A Fate Worse than Deaths

If the invasion of Iraq was exceptional because it tore up the diplomatic rule-book, the UK’s action in Libya is remarkable because it abandons the lessons of war post-Vietnam.

Britain’s humiliation in Suez, the US catastrophe in Vietnam and the Soviet disaster in Afghanistan humbled the victors of World War II. It was not until the 1990-91 Gulf War that the West discovered it could win apparently decisive victories if it followed a code constructed by Vietnam veteran General Colin Powell.

Before armed forces are sent into action, he argued, it must be clear vital national security interests are threatened and there is strong domestic support; there is a clear attainable objective and a plausible exit strategy; and all other non-violent means have been fully exhausted. Then, and only then, overwhelming military force should be used to ensure a swift victory.

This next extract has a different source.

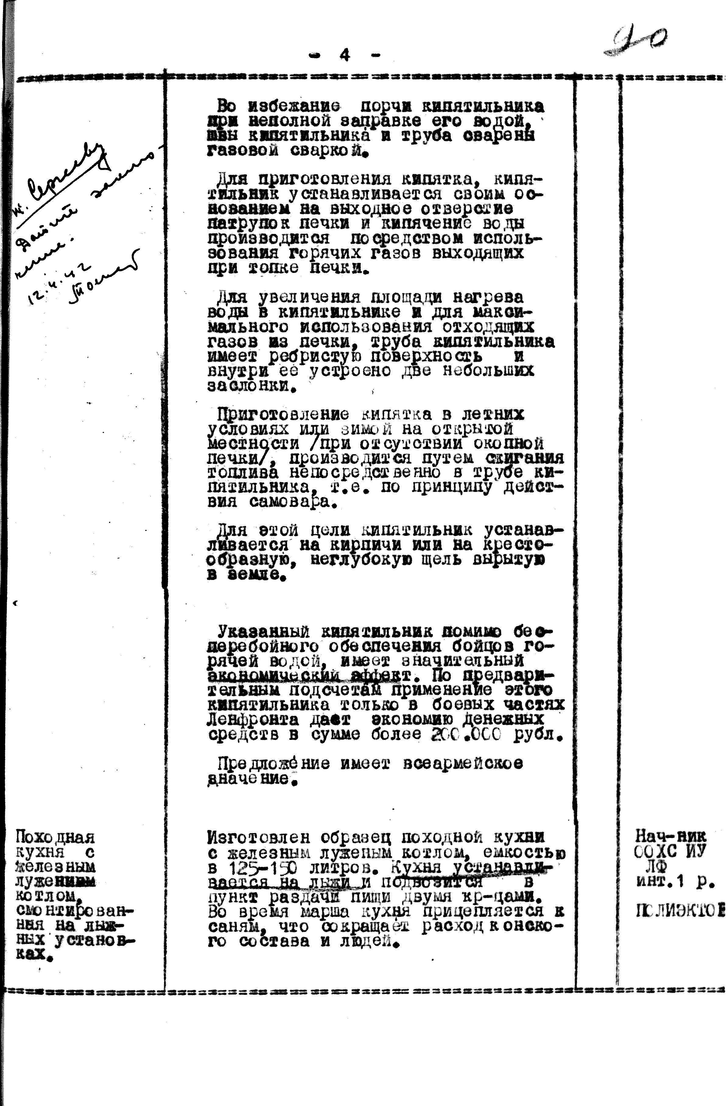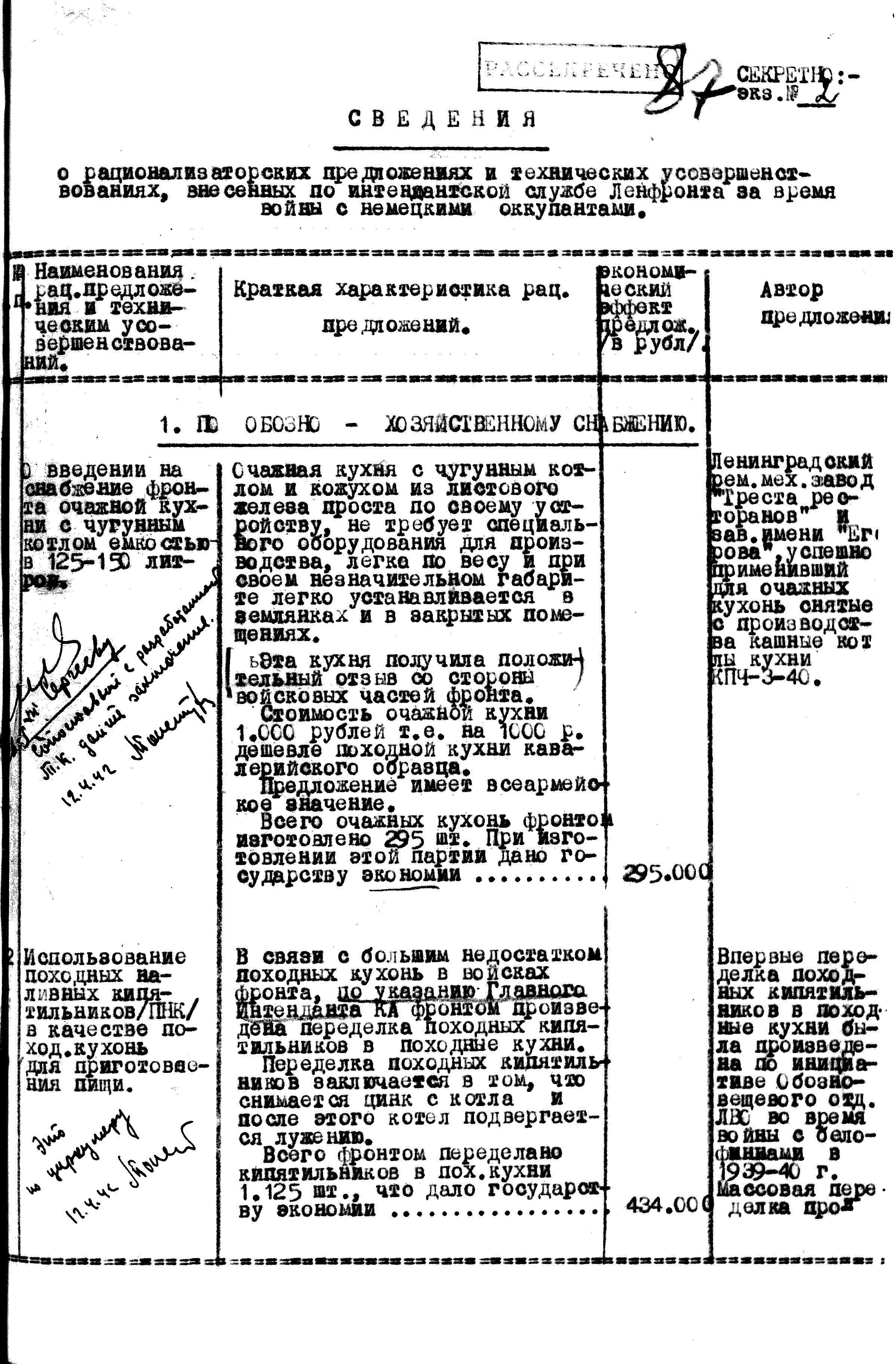 Сегодняшний рассказ будет посвящён не столько самим рацпредложеням и усовершенствованиям, внесённым в дни и месяцы блокады Ленинграда предприятиями и начсоставом интендантской службы Ленинградского фронта, сколько людям, создателям, изобретателям, рационализаторам. Людям, которые в условиях голода, бомбёжек, артобстрелов и непрерывных боёв, продолжали творить.

There are ethical problems here. This code would not compel a superpower to intervene to stop genocide in a distant land, and is one reason why the West stood by as at least 800,000 Rwandans were murdered in 1994.

Since then, tough-minded diplomats, strategists and political scientists have wrestled over when and how countries have a “responsibility to protect”.

And when it appeared that Libyan government forces and mercenaries were on the verge of committing mass slaughter in Benghazi, the UK and France scrambled to gain United Nations authorisation to enforce a no-fly zone. Historians may conclude this was one of Europe’s finest hours.

The coalition is now in a quandary. Dropping bombs and shooting missiles is clearly a military act and we are involved in some form of war.

This emerging conflict meets few of the tick-boxes of the Powell doctrine and there are frightening echoes of Vietnam.

We learned this week that British military advisers are off to Benghazi. This triggers memories of September 1950 when the United States Military Assistance Advisory Group was established in Saigon; by 1963 there were 16,000 “military advisers” in Vietnam and the stage was set for a deep and tragic conflict.

Nobody is suggesting that the UK is on the verge of making such a commitment to Libya but it is clear mass protests and regional insurgencies have spiralled into a state of civil war and there is no doubt which side we are on.

It would be embarrassing and expensive if a hastily-constructed ceasefire leaves a chastened Gaddafi in control of a swathe of Libya while our air force protects Kurdish-style democratic enclaves. But such a peace would not be a worse fate than the deaths on every side which unbridled war would bring.